(DATA EXCERPT begins)
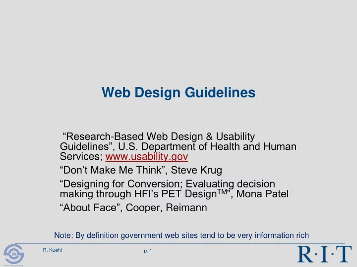 Web Design Guidelines “Research -Based Web Design & Usability Guidelines”, U.S. Department of Health and Human Services; www.usability.gov “Don’t Make Me Think”, Steve Krug “Designing for Conversion; Evaluating decision making through HFI’s PET Design TM ”, Mona Patel “About Face”, Cooper, Reimann Note: By definition government web sites tend to be very information rich R. Kuehl p. 1 R I T Software Engineering
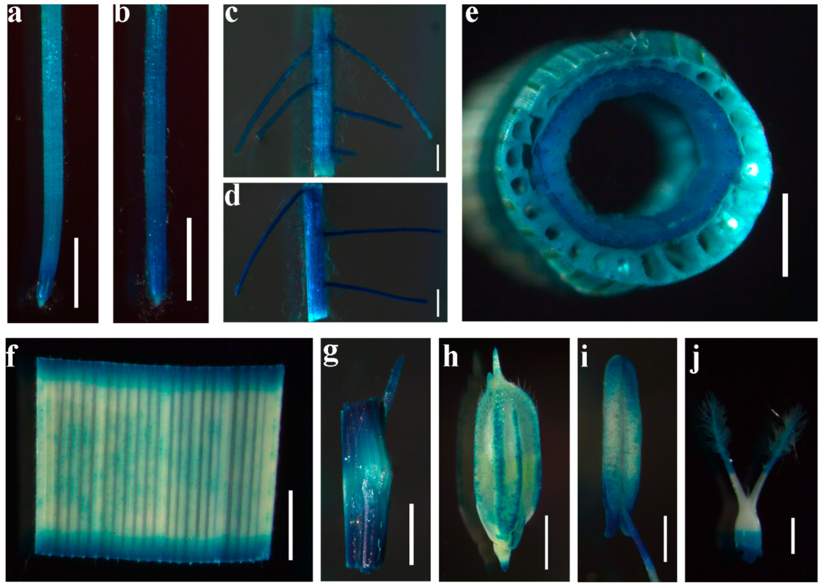 4.4. Histochemical Analysis and GUS Assay
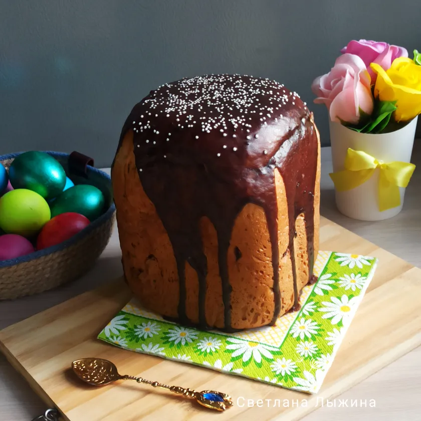 Кулич в хлебопечке с орехами и изюмом в шоколадной глазури
(DATA EXCERPT ends)
WHAT NEEDS TO BE DONE
Starting at the line that holds "4.4. Histochemical Analysis and GUS Assay", write out every remaining line of the material above exactly as it appears. Pictures should not be copied.

TASK RESPONSE
 4.4. Histochemical Analysis and GUS Assay
 Кулич в хлебопечке с орехами и изюмом в шоколадной глазури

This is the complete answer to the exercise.